Not getting into particulars, I told the cook that he should continue to practice what he learned and not follow the lead of others. He is correct and they are not.
TV shows, although just entertainment, are giving the wrong impression. 
There are many celebrity Chef's out there that are no different than any others. They just got discovered. That's all. I know I could cook rings around some of these guys or gals.
I would have liked to see them in my banquet kitchen cooking and putting out 3,000 dinners on Saturday night, 4 different rooms, with 4 different menus.


----------



## chefwriter (Oct 31, 2012)

I don't think of the two as comparable situations. The skill sets aren't the same. 
First, you have to want to be on television/internet and put up with the fame/notoriety and being recognized when out in public. As has been pointed out, you need great presentations skills. In the ad for his master class gordon Ramsey says it's easy to cook on tv, you have all this staff to make you look good. 
That's because you aren't there to cook. You are there to present a process for one recipe while doing so in an entertaining fashion. . 
I've seen plenty of videos of actual chefs' making dishes. While I can tell I would learn a lot working for them, I can't watch the videos because they are too stiff, boring, stammer, repetitive, hesitate, lose track, and generally don't come across well. 
Very few people have the chops to do both well. If there is a problem, its with the media promotion. They need a new term like "culinary presenter" or "tv cook". 
Early Julia Child videos are a great example. She was no chef and wasn't called one and her presentations could be unpolished but she was also very endearing and down to earth and you knew she knew what she was doing. Jacques Pepin was the real deal but also a talent in front of the camera. 
It seems now it's about entertainment ratings, not culinary accuracy.


----------



## sgsvirgil (Mar 1, 2017)

My problem with this guy is more of a peeve, really. Like i've already said, he's pure money. He's marketable, relatable, likable, funny and down to earth. These marketable talents have served him well and he is successful because of it. 

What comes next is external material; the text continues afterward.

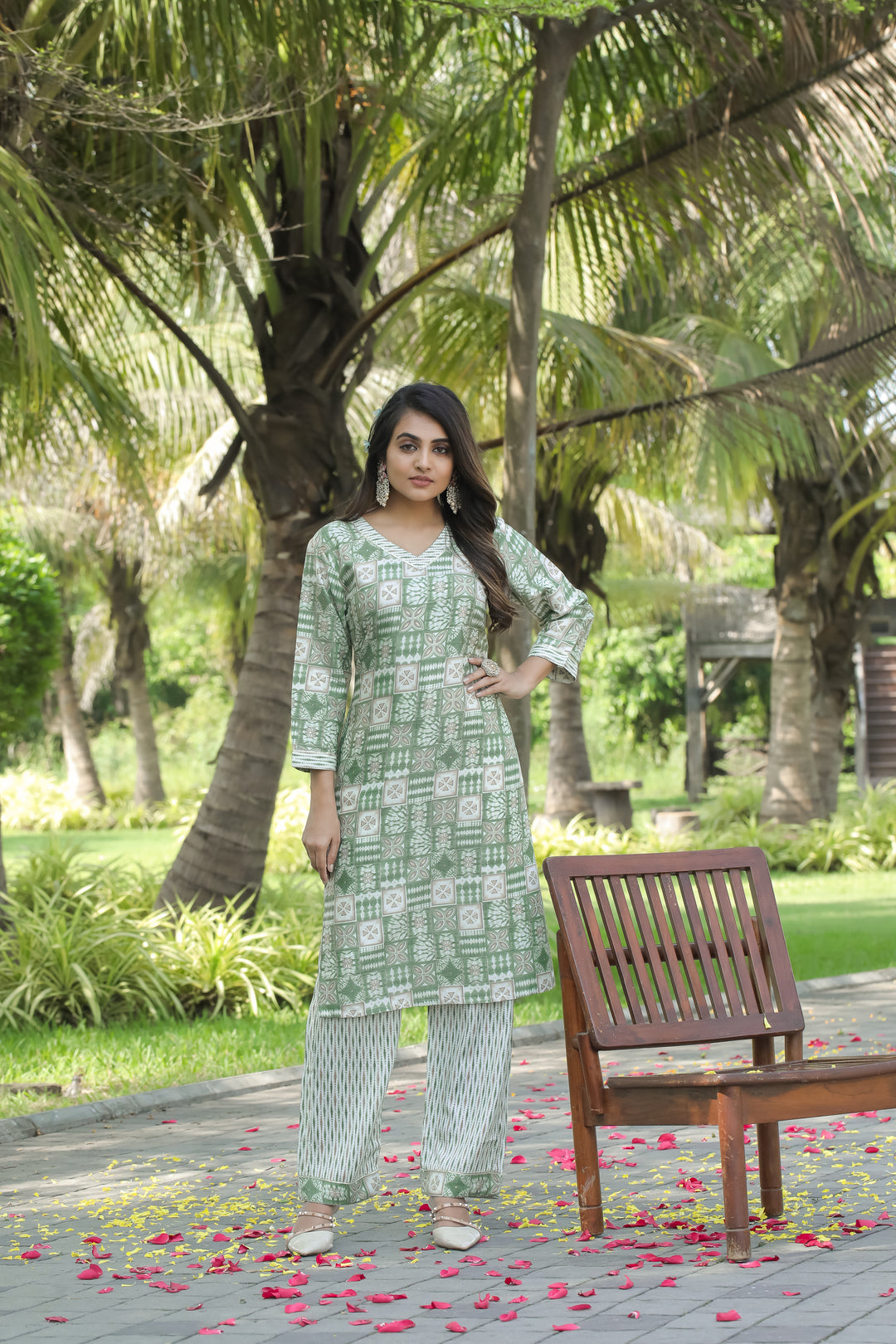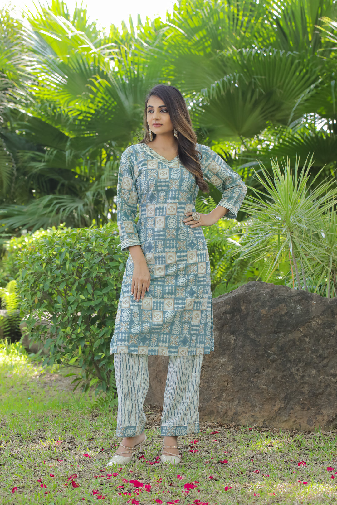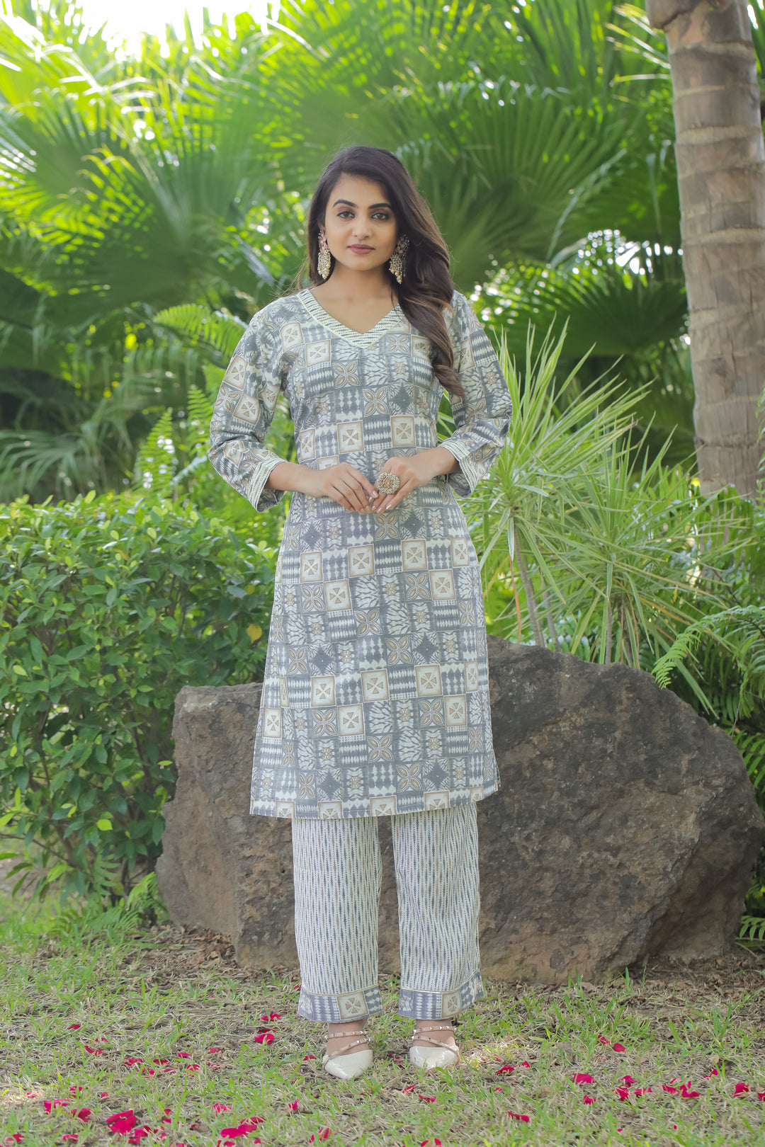 Stylish cord set for women featuring a floral printed kurta with button details and flared.perfect for a trendy ethnic look.

My peeve is that all he would need to do is take a month or two and learn some actual technique and improve his skills. He already has a good base understanding. He just needs to be taught how to do things correctly like NOT adding garlic powder to the chicken before its deep fried or not using a shallow skillet over an open flame to deep fry wings and then over crowd the pan. etc etc. 

He most definitely needs to learn some safe food handling skills, especially when it comes to chicken. Every video he's made that features chicken, showcases his astonishingly poor food handling skills. 

With this in mind, how does someone this bereft of actual knowledge manage to operate two reasonably successful restaurants? If I were his executive chef at either establishment, I think I would have a serious problem taking direction from someone who doesn't know something as fundamental as how to safely handle chicken. 

While the rise in popularity of the "foodie movement" has benefited us all in some way or another, it has also made guys like this more common. Cooks with poor skills or bad food handling skills are something we've all dealt with at one point or another. But, we could do something about them like teach them proper, safe habits. 

I think The internet has made these substandard cooks popular when before the internet, guys like this didn't last long in this business and the probability of them becoming successful was a lot less. In that way, the industry was somewhat self correcting. 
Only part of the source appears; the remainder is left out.